- [Information]:
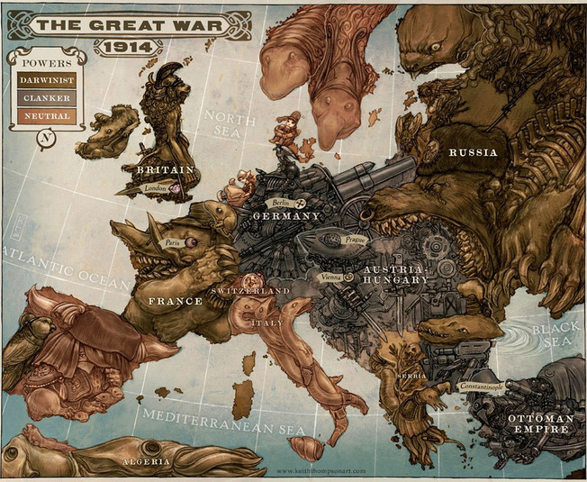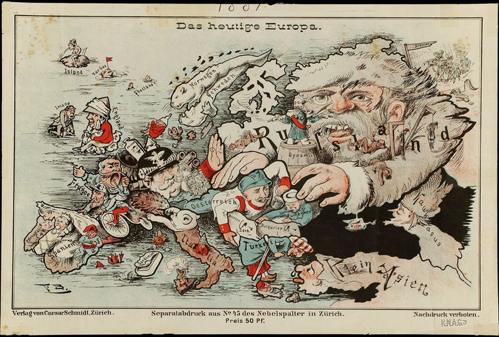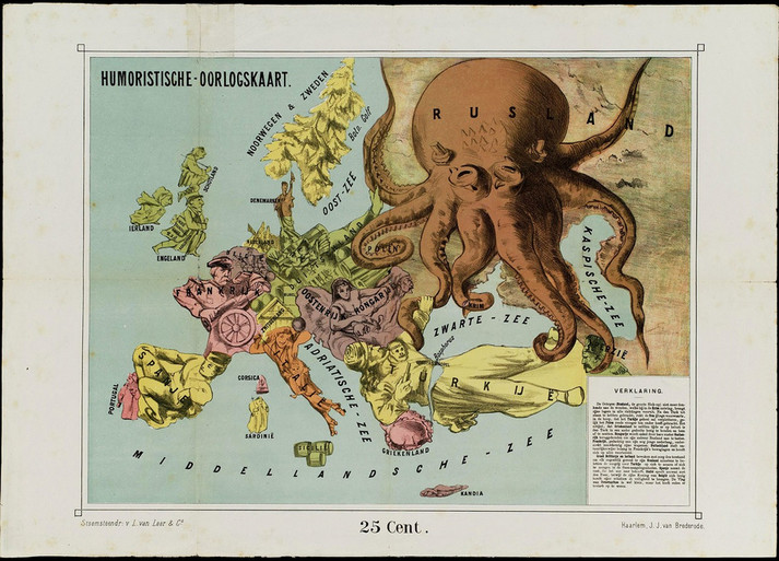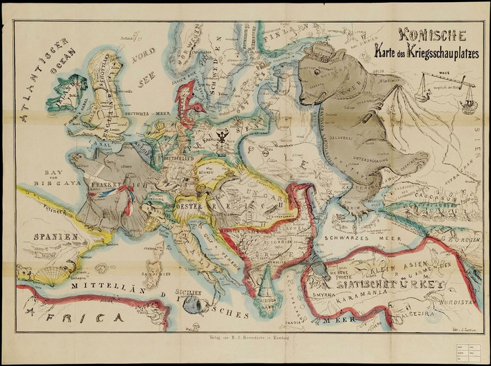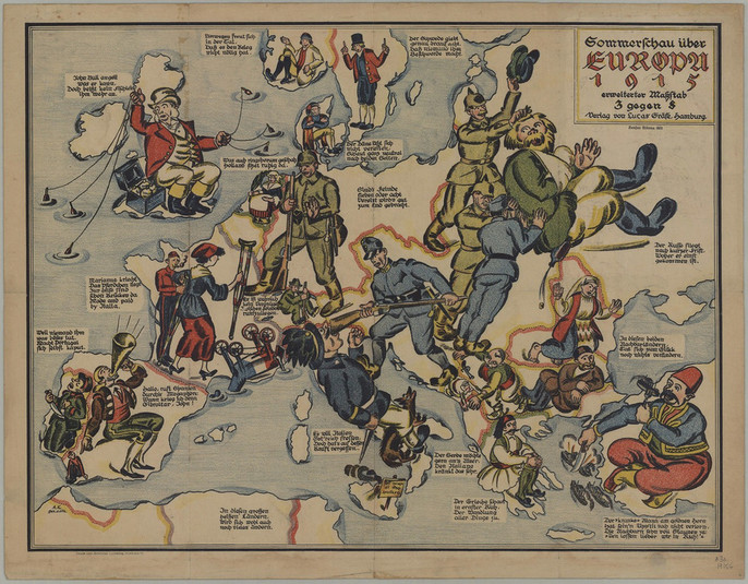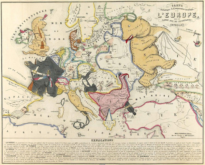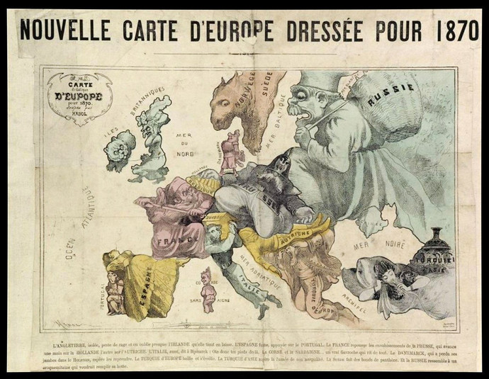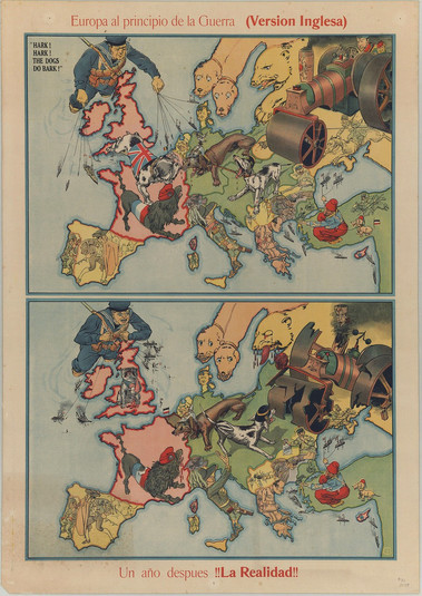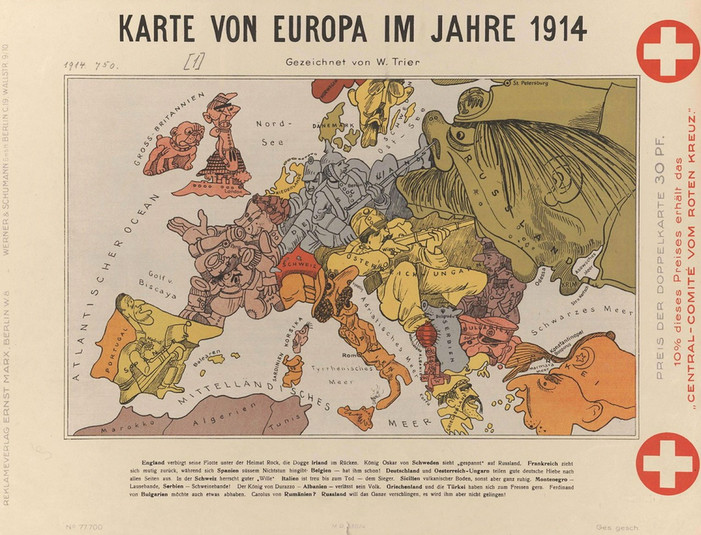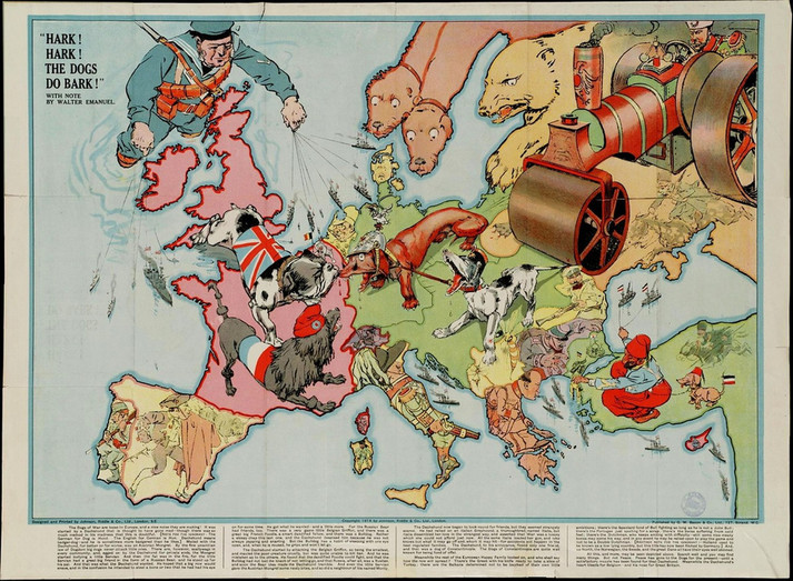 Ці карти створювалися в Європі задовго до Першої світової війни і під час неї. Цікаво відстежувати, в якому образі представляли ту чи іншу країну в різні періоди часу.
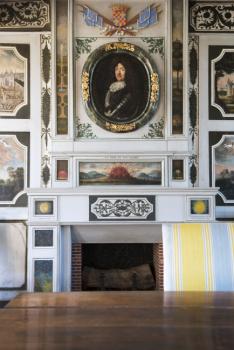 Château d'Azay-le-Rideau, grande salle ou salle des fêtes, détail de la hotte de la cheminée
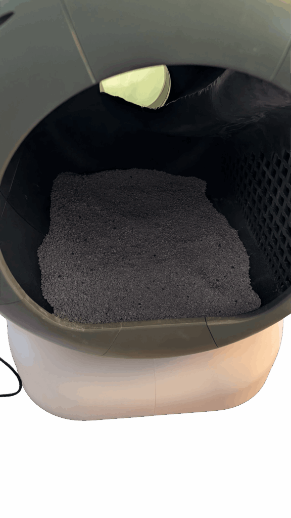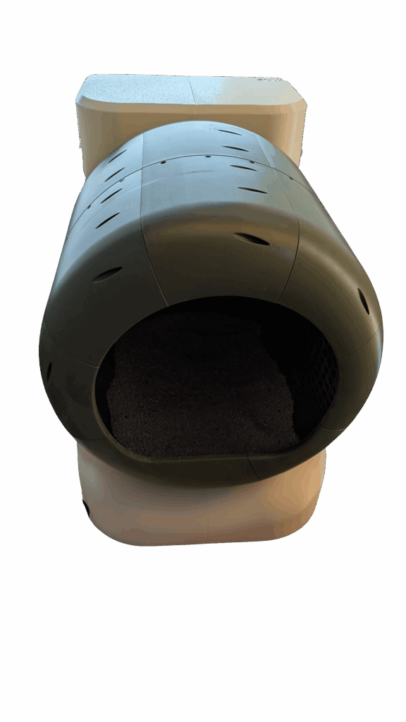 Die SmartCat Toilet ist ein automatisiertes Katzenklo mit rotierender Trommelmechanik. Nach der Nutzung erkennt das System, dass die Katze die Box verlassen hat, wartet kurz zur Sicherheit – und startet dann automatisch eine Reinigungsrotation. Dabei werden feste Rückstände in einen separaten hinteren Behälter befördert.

---

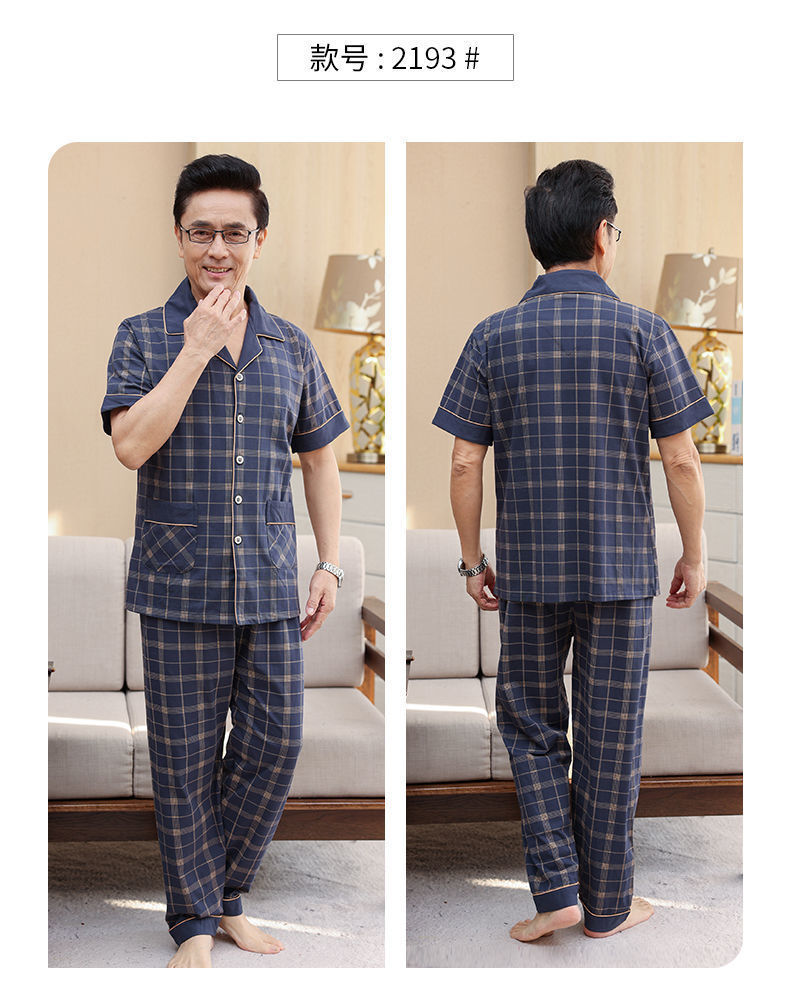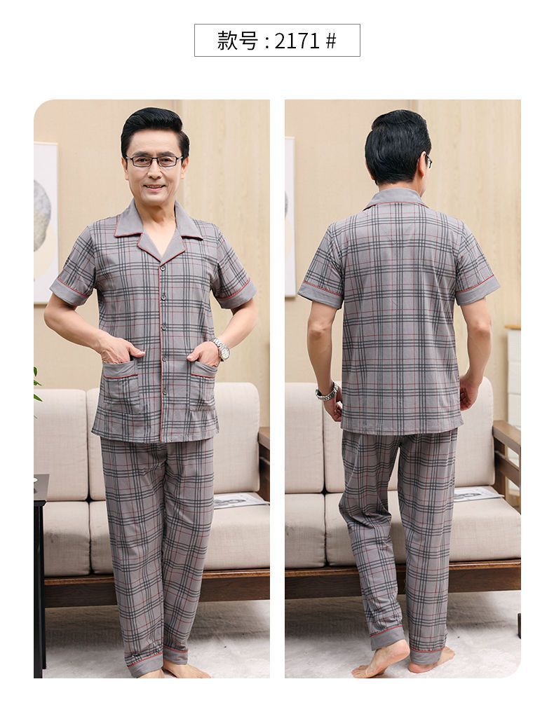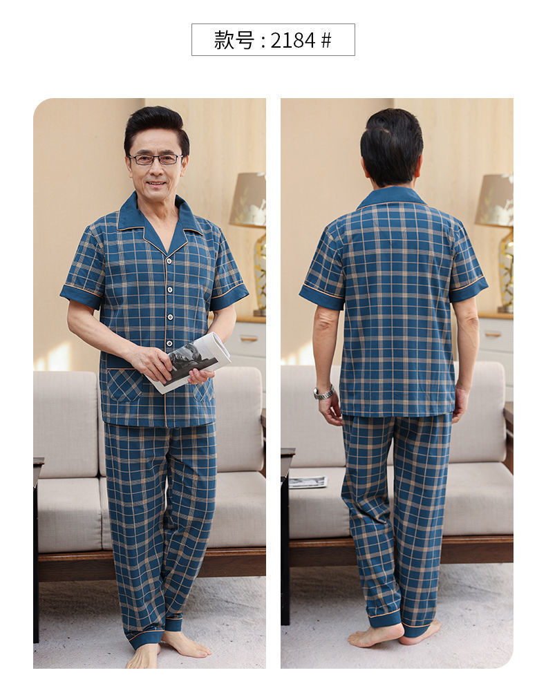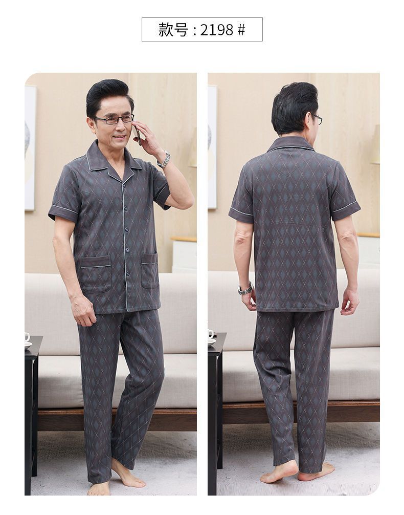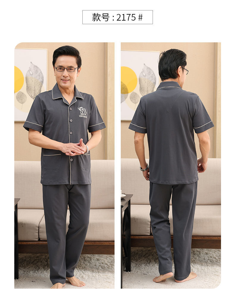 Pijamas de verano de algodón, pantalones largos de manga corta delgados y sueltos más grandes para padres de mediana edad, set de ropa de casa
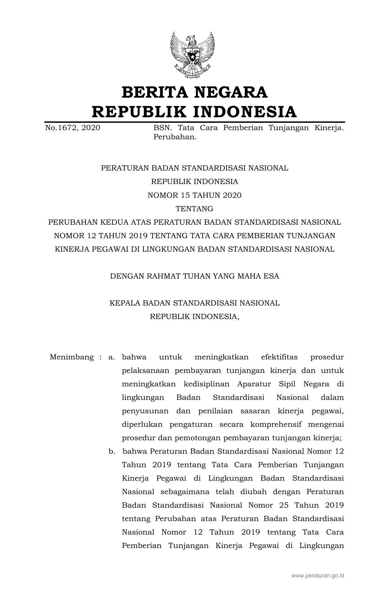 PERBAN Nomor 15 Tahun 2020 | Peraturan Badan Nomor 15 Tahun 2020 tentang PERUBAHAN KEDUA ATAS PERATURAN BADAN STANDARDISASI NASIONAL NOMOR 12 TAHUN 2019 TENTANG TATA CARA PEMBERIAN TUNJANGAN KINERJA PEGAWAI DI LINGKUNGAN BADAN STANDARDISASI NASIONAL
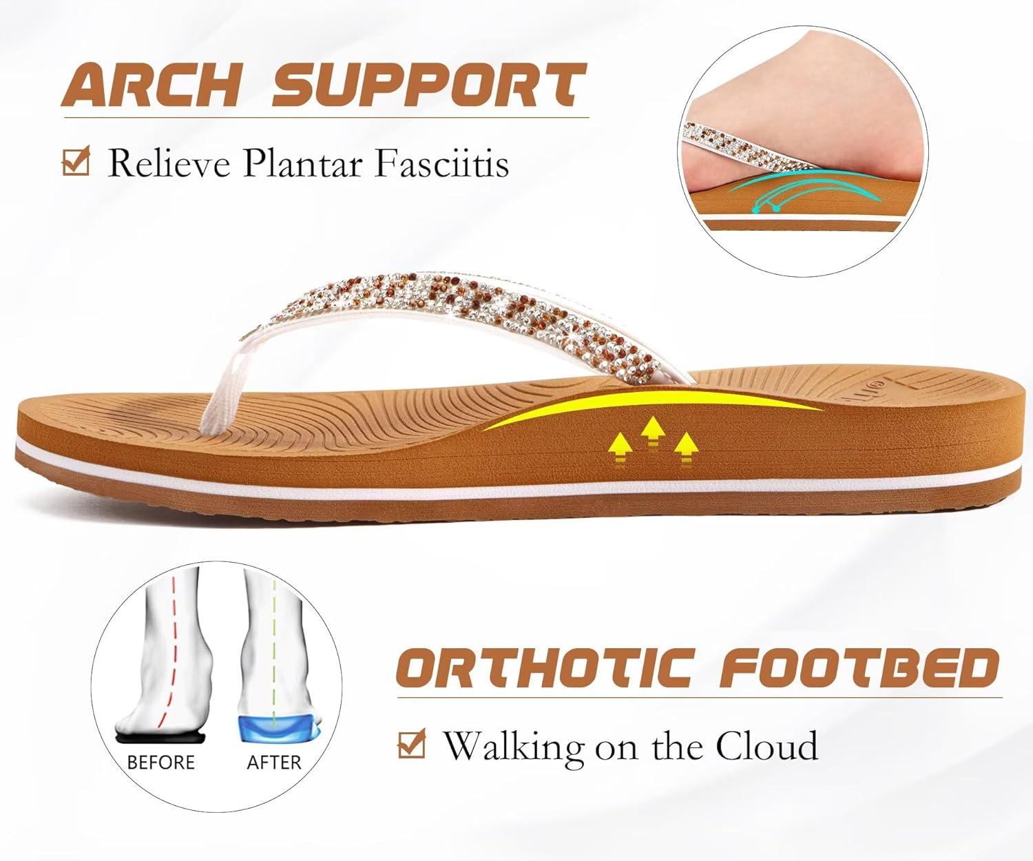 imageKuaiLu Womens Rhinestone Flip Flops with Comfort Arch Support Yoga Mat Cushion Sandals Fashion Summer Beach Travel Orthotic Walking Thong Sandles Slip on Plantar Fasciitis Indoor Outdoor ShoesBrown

- [Work instruction]:
Reproduce the data above exactly, but only the lines from the one showing "Château d'Azay-le-Rideau, grande" through the one showing "Die SmartCat Toilet", with both ends kept and the pictures left out.

- [Exercise result]:
 Château d'Azay-le-Rideau, grande salle ou salle des fêtes, détail de la hotte de la cheminée
 Die SmartCat Toilet ist ein automatisiertes Katzenklo mit rotierender Trommelmechanik. Nach der Nutzung erkennt das System, dass die Katze die Box verlassen hat, wartet kurz zur Sicherheit – und startet dann automatisch eine Reinigungsrotation. Dabei werden feste Rückstände in einen separaten hinteren Behälter befördert.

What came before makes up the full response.